The remaining 59 studies were included in the review; some met the inclusion criteria for more than one key question. Thirty studies were abstracted for KQ 1; 23, for KQ 2; and 15, for KQ 3.

Data Abstraction and Assessment

The data collection process involved abstracting relevant information from the eligible articles and generating evidence tables that present the key details of the study design and the major findings from the articles. Each article was read and abstracted by a trained member of the study team; a second member checked the table entries for accuracy against the original article.

We also rated the quality of the studies. We developed a quality rating form for the screening accuracy (KQ 2) articles from criteria identified by the Cochrane Methods Working Group on Systematic Review of Screening and Diagnostic Tests.²¹ For studies addressing KQ 1 and KQ 3, we modified the quality rating forms developed by Downs and Black for randomized controlled trials (RCTs) and observational studies.²² The quality rating forms dealt with the reporting completeness and clarity, external validity, internal validity, and power or precision of each study. The senior abstractor completed the quality rating form for each article; another project team member then reviewed the completed form for accuracy and completeness.

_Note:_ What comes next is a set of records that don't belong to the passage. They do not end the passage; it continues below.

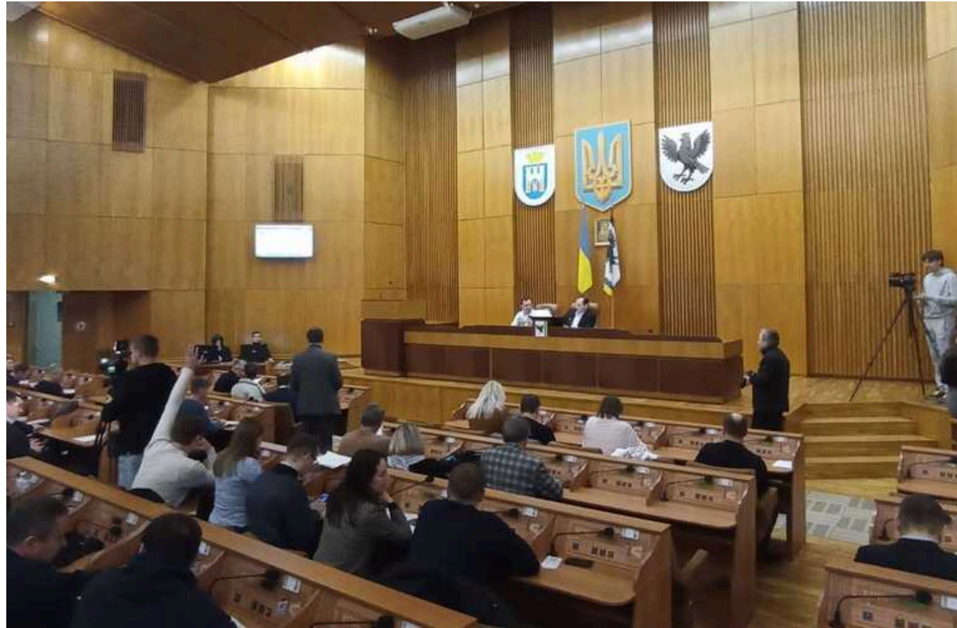
Міносвіті попросили не об'єднувати університети в Івано-Франківську

Івано-Франківська міська рада звернулась до Міністерства освіти та науки України з проханням не об'єднувати місцеві університети. Зокрема, питання стосується реорганізації Прикарпатського національного університету ім. Стефаніка, Івано-Франківського національного університету нафти і газу та Івано-Франківського національного медичного університету.
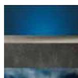
Nieprzepuszczalne dla pary wodnej
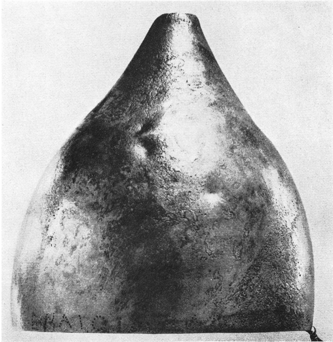
Fig. 3. — Casque oriental trouvé à Olympie en 1960. Offrande athénienne provenant du butin des Guerres médiques et portant cette dédicace : Διὶ Ἀθηναῖοι Μεδὸν λαβόντες.
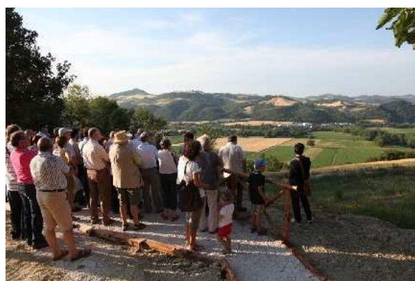
Veduta dal Balcone

Inaugurazione a Pieve del Colle di Urbania. Ricci: "Il nostro territorio è un immenso patrimonio culturale, che va sempre più valorizzato e fatto conoscere a cittadini e turisti"
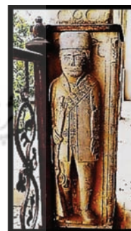
تصویر ۲۲: سرباز نگهبان ایوان قلعه شمس‌آباد
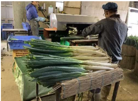
①皮剥ぎ作業の効率化

可能な限りは場で外葉を剥いだ上で調製作業を行う。残渣の持ち込み量も減ることから清掃負担の軽減にも繋がる。
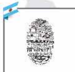
Universidad Nacional de Salta - Argentina
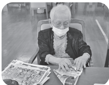
ちりばこ作りも助かります。
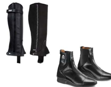
Sztylpy i Sztyblety
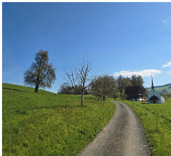
Anfahrt zur Kappelle St. Katharina
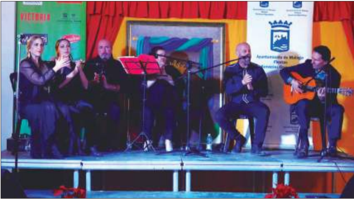
Zambomba ofrecida por la Peña Juan Brea.

• FEDERACIÓN MALAGUEÑA DE PEÑAS, CENTROS CULTURALES Y CASAS REGIONALES 'LA ALCAZABA'
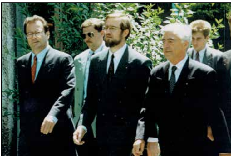
Z zunanjim ministrom Zvezne Republike Nemčije Klausom Kinkelom in zunanjim ministrom Republike Slovenije Lojzetom Peterletom, 1994.

Tako je, stvari so se izjemno zanimivo nadaljevale, saj je bilo potrebno mnogo podvigov, potovanj, idej, znanstev in zvez, da je svet priznal samostojno Slovenijo. Moram priznati, da imam na slovensko zunanje ministrstvo lepe spomine. Takrat sta bila moja šefa zunanji minister Rupel in prijazni zunanji
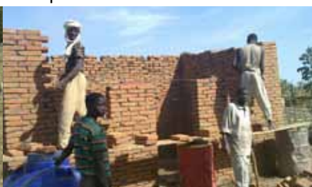
Amélioration des abris pour les personnes vulnérables dans les villages d'origines des PDI
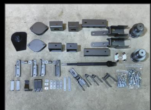
4インチスタンダードキット DA17W/V ¥148,500 (ESU054) マフラー吊りゴム3個セット ¥11,000 (ESU050) 4WDは別途フロントプロペラシャフトスペーサー ¥13,200 (ESU051)

キット内容 リフトアップブロックキット リアプロペラシャフトスペーサー リアショック延長ブラケット 各種延長ステー ロングステアリングシャフト ※ステアリングシャフトはコア要返却です。 返却無しの場合は別途¥13,200

In addition to the individual studies, we also rated the strength of the collective evidence on each key question. We applied four criteria:

The number of studies.
The aggregate sample sizes over the studies.
The quality of the individual studies.
The representativeness of the study populations included in the studies.

Meta-Analysis

We conducted a meta-analysis of the different prevalence and incidence estimates from studies abstracted for KQ 1 to compute combined prevalence and incidence estimates for particular periods and points in time. We also conducted meta-analyses of the different estimates of the receiver operating characteristic (ROC) curves for screening instruments evaluated for KQ 2. Because of the diversity of screening instruments and prevention interventions in the studies found for KQ 3, we did not conduct a meta-analysis for this key question.

Key Question 1

For KQ 1, we combined all estimates with the same diagnosis, estimate type, and time period using the meta command in Stata. This procedure uses the inverse-variance weighting method to calculate random effects summary estimates. It also produces Q tests of the homogeneity of the estimates, forest plots of the individual study estimates, and combined estimates and their confidence intervals. To satisfy the normalcy assumptions of these methods, we first transformed the prevalence estimates into log odds estimates.

We reviewed the forest plots of the studies in each summary estimate to determine whether we could identify the source of any heterogeneity between studies. We then reran the meta-analyses excluding studies that were obvious outliers and for which we could identify the source of the bias. The new summary estimates are considered our best estimates of the prevalence and incidence of perinatal depression for the general female population in the United States and other developed countries.

To further analyze associations between the prevalence of depression and study characteristics, we conducted cumulative meta-analysis and a series of meta-regressions on the point prevalence estimates for major and minor depression together and major depression alone.

Key Question 2

For KQ 2, our main outcomes of interest were sensitivity and specificity of the screening approaches or instruments as described in the selected articles. Sensitivity refers to the proportion of patients with a disease who test positive ("true positives"); specificity refers to the proportion of patients without a disease who test negative ("true negatives").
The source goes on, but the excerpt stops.